Microsoft Sentinel New Log Options
Microsoft added two new log options to Microsoft Sentinel, called "Basic" and "Archived," according to an announcement.
Basic Logs allow Microsoft's cloud-native security information and event management tool "to sift through high volumes of data and find high-severity, low-visibility threats." It's conceived of as a lower cost option for handling large data sets.
Archived Logs add the ability to retain Basic Log data and Analytics Log data for up to seven years "at very low cost," according to Microsoft.
Microsoft Sentinel is also getting bolstered with MITRE ATT&CK techniques. It's getting log ingestion integration with Azure Purview for monitoring data stores within Azure and "Amazon resources, like Amazon S3."

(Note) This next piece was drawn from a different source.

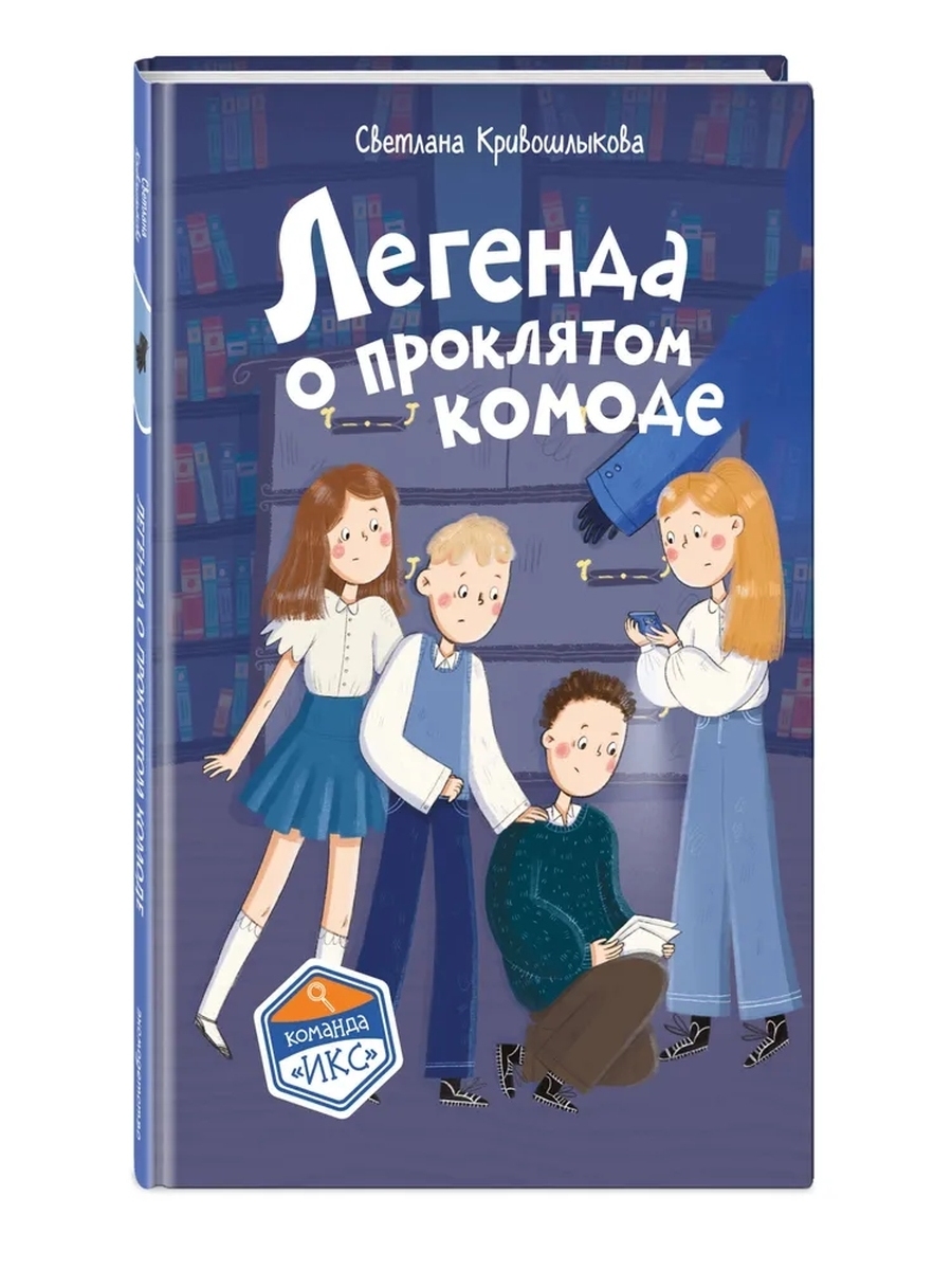 Новая детективная серия для поклонников «Чёрного котёнка» и «Мейзи Хитчинс»! Добро пожаловать в школу-пансион с вековой историей, где за старинными стенами скрываются самые необычные тайны! Светлана Кривошлыкова — автор многочисленных книг для детей и подростков, победитель литературного конкурса «Open Eurasia-2018», председатель Союза детских и юношеских писателей. Трое друзей — Илья, Кира и Сашка — объединяются в команду «ИКС», чтобы расследовать загадочные события. Они учатся, дружат, ссорятся и мирятся… а ещё — берутся за дела, от которых даже у учителей бегут мурашки! В усадьбе снова неспокойно. В потайной комнате обнаружен комод, покрытый сажей. Поговаривают, что он проклят. Для команды «ИКС» это шанс раскрыть очередную тайну и победить своих соперников из «Вектора Власова». Но чем глубже ребята копают, тем страннее становятся события: исчезают улики, оживают тени, а древние алхимические символы будто складываются в послание. Смогут ли юные детективы раскрыть тайну комода, прежде чем проклятие доберётся до них самих? Действие историй разворачивается в уникальном месте — школе-пансионе, расположенной в бывшей купеческой усадьбе девятнадцатого века. Светлана Кривошлыкова мастерски описала загадочную атмосферу старинного здания и тайны, хранящиеся в нём. Соединение духа закрытого пансиона с современной жизнью обычных школьников делает чтение увлекательным, а раскрытие тайн — запоминающимся. История внутри каждой книги закончена: одна книга — одна загадка. Книги серии можно читать как отдельно друг от друга, так и вместе. Книги рассчитаны на детей от 8 лет и старше. Подойдут для внеклассного чтения. Ребёнок не устанет читать: в книгах крупный шрифт, белая бумага, запоминающееся оформление.
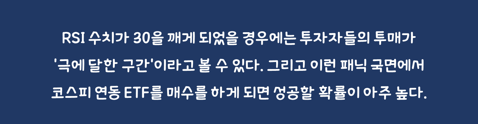 RSI 수치가 30을 깨게 되었을 경우에는 투자자들의 투매가 '극에 달한 구간'이라고 볼 수 있다. 그리고 이런 패닉 국면에서 코스피 연동 ETF를 매수를 하게 되면 성공할 확률이 아주 높다.

Microsoft Sentinel is also getting integration with SAP data via "a public preview of SAP solutions User Master Data capability." Microsoft has also created a "new unified GitHub community" for security operations center teams, which lets them find "the latest hunting queries and analytics for Microsoft Sentinel and Microsoft Defender."

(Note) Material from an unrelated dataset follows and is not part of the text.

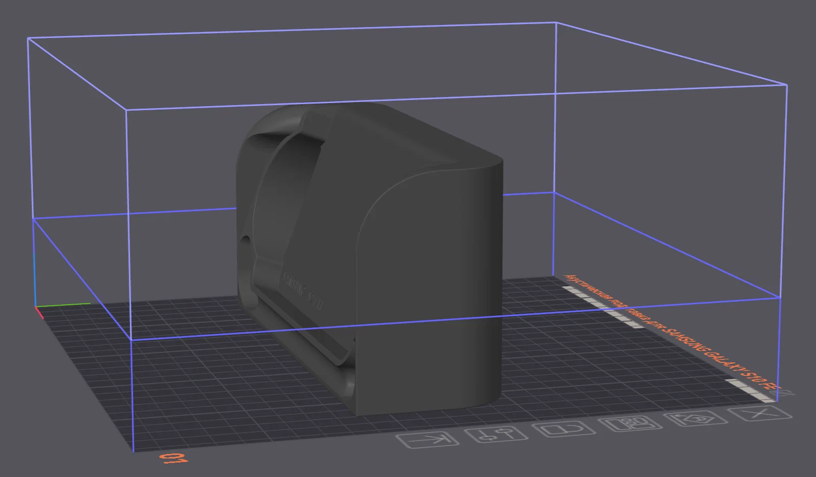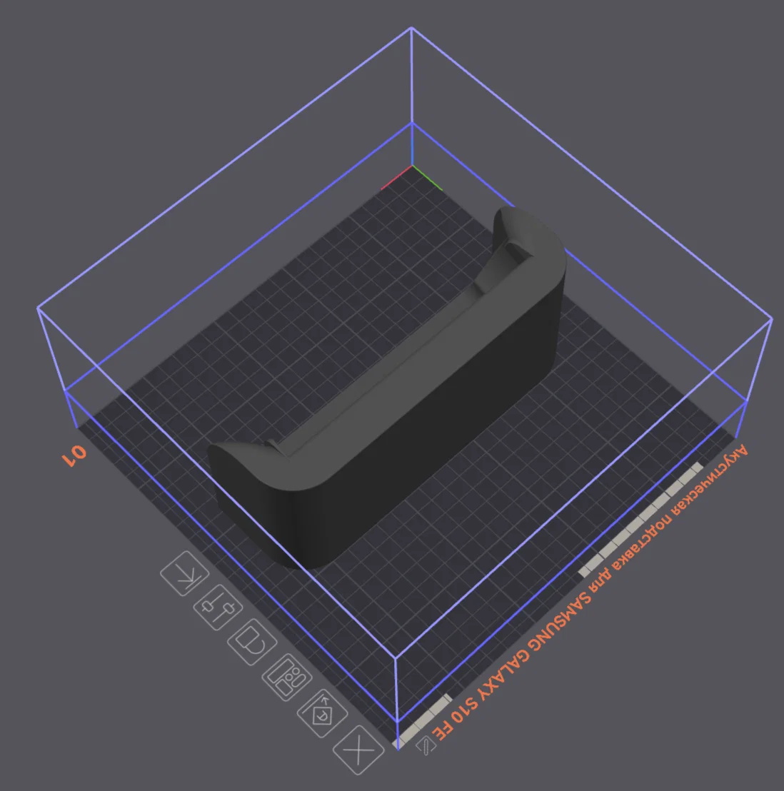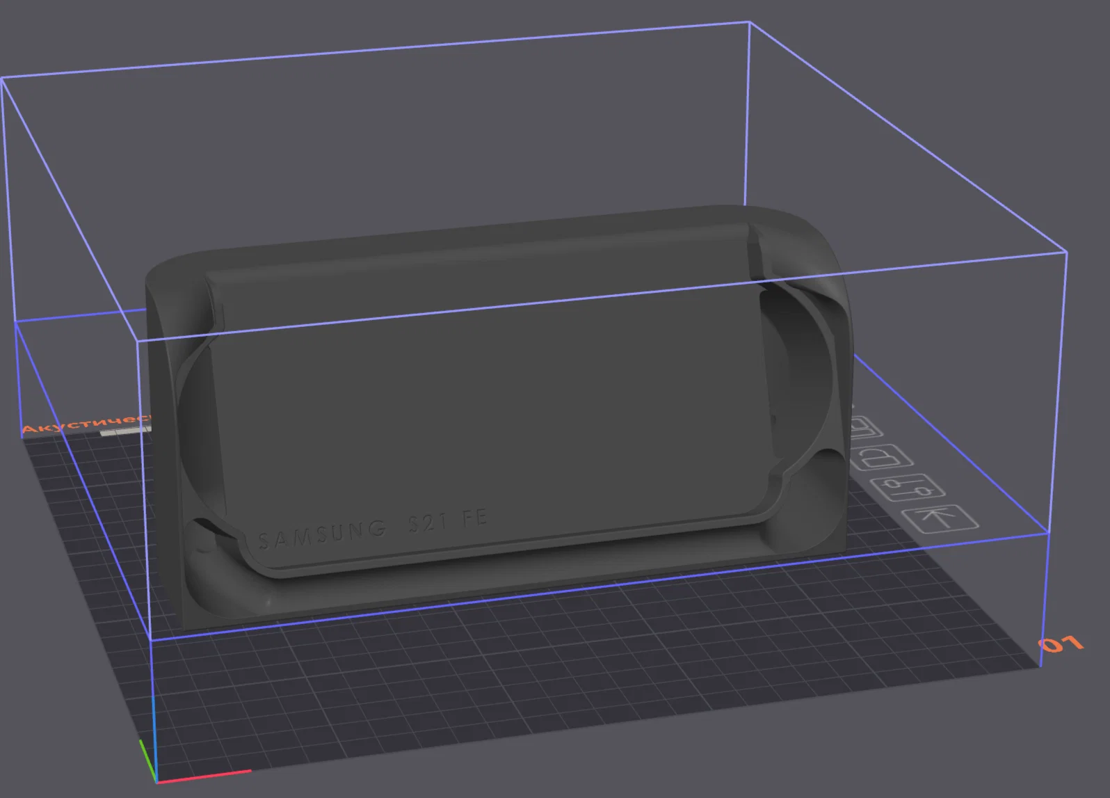 Mẫu đế kê âm học dành cho Samsung Galaxy S10 FE. Mình in bằng PETG, không cần support, thiết lập layer 0,16 mm để bề mặt mịn và chi tiết rõ.

Microsoft Azure Payment HSM Service Preview
Microsoft has a new service for payment card issuers and payment processors that's now in public preview in its Azure East US and North Europe regions.
The new Microsoft Azure Payment HSM service protects cryptographic keys and customer PINs for secure payment transactions. The "HSM" abbreviation refers to the hardware security modules used by payment processors. Microsoft's new service (in preview) offers a way for payment processors to move from "legacy on-premises applications and hardware security modules (HSM) to a cloud-based infrastructure that is not generally under their direct control," Microsoft explained.
Microsoft's solution leverages technologies from Thales, including the Thales payShield 10K payment HSMs, which are used in the cryptographic key operations associated with payment transactions that occur in the Azure cloud. The Thales payShield Manager is used by Microsoft for "secure remote access to the HSMs." Microsoft claims its new solution complies with Payment Card Industry requirements.